Les parties ont été régulièrement averties du jour de l'audience.
Ont été entendus au cours de l'audience publique :
- le rapport de Mme A... C..., première conseillère ;
- les conclusions de M. Bertrand Baillard, rapporteur public ;
- et les observations de Me F..., représentant la commune de Boussières-sur-Sambre.
Considérant ce qui suit :
1. Par un acte d'engagement en date du 27 juillet 2007, la commune de Boussières-sur-Sambre a confié la réalisation des travaux du lot n° 1 " gros oeuvre " pour la construction d'une école à la société Entreprise de Bâtiment Christian Lefebvre. Des travaux supplémentaires ont fait l'objet d'un avenant n° 1 au contrat, portant le montant du marché initialement fixé de manière forfaitaire à 307 907,85 euros hors taxes, à 368 951,31 euros hors taxes. La maîtrise d'oeuvre a été confiée à M. E..., architecte, qui a réceptionné les travaux le 20 mars 2009, de nombreuses réserves ayant toutefois été émises notamment sur le tarmacadam de l'école. Par une ordonnance n° 1503164 du 30 décembre 2015, le juge des référés du tribunal administratif de Lille a, après expertise, mis à la charge solidaire de la société Entreprise de Bâtiment Christian Lefebvre et M. E..., le paiement à la commune de Boussières-sur-Sambre d'une provision de 51 680,40 euros au titre des désordres ayant affecté la réalisation de ces travaux.
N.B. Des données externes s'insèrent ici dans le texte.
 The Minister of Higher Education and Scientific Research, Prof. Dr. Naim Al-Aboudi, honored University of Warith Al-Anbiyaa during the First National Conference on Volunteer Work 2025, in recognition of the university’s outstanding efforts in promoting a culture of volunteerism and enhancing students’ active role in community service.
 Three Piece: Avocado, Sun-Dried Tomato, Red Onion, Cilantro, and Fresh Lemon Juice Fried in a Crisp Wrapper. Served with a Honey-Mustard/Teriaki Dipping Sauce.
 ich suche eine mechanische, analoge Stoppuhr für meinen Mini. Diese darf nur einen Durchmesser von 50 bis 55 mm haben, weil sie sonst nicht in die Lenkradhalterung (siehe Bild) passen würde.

Par une demande, enregistrée le 12 juin 2017, la société Entreprise de Bâtiment Christian Lefebvre a saisi le tribunal administratif de Lille aux fins de voir condamner la commune de Boussières-sur-Sambre à lui payer la somme de 24 998,91 euros toutes taxes comprises au titre d'une facture impayée n° 20091606B portant situation n° 14 au 16 juin 2009, avec intérêts au taux légal à compter du 7 juillet 2010. Par une ordonnance n° 1705290 du 1er avril 2019, dont la société Entreprise de Bâtiment Christian Lefebvre relève appel, le président de la deuxième chambre du tribunal administratif de Lille a rejeté sa demande et les conclusions de la commune de Boussières-sur-Sambre présentées au titre de l'article L. 761-1 du code de justice administrative, sur le fondement de l'article R. 222-1, 7° du code de justice administrative.
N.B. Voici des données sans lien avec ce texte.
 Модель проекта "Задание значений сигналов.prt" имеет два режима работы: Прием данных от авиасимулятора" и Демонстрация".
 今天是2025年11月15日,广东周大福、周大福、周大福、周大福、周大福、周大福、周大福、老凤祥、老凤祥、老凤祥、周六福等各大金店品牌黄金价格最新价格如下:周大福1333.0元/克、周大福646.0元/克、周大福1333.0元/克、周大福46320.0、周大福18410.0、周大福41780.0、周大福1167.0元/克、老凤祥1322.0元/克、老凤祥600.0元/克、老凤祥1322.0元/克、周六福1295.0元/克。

Sur la régularité de l'ordonnance attaquée :
2. Aux termes de l'article R. 222-1 du code de justice administrative : " Les présidents de tribunal administratif et de cour administrative d'appel, les premiers vice-présidents des tribunaux et des cours, le vice-président du tribunal administratif de Paris, les présidents de formation de jugement des tribunaux et des cours et les magistrats ayant une ancienneté minimale de deux ans et ayant atteint au moins le grade de premier conseiller désignés à cet effet par le président de leur juridiction peuvent, par ordonnance : ( ...) 7° Rejeter, après l'expiration du délai de recours ou, lorsqu'un mémoire complémentaire a été annoncé, après la production de ce mémoire, les requêtes ne comportant que des moyens de légalité externe manifestement infondés, des moyens irrecevables, des moyens inopérants ou des moyens qui ne sont assortis que de faits manifestement insusceptibles de venir à leur soutien ou ne sont manifestement pas assortis des précisions permettant d'en apprécier le bien-fondé (...) ".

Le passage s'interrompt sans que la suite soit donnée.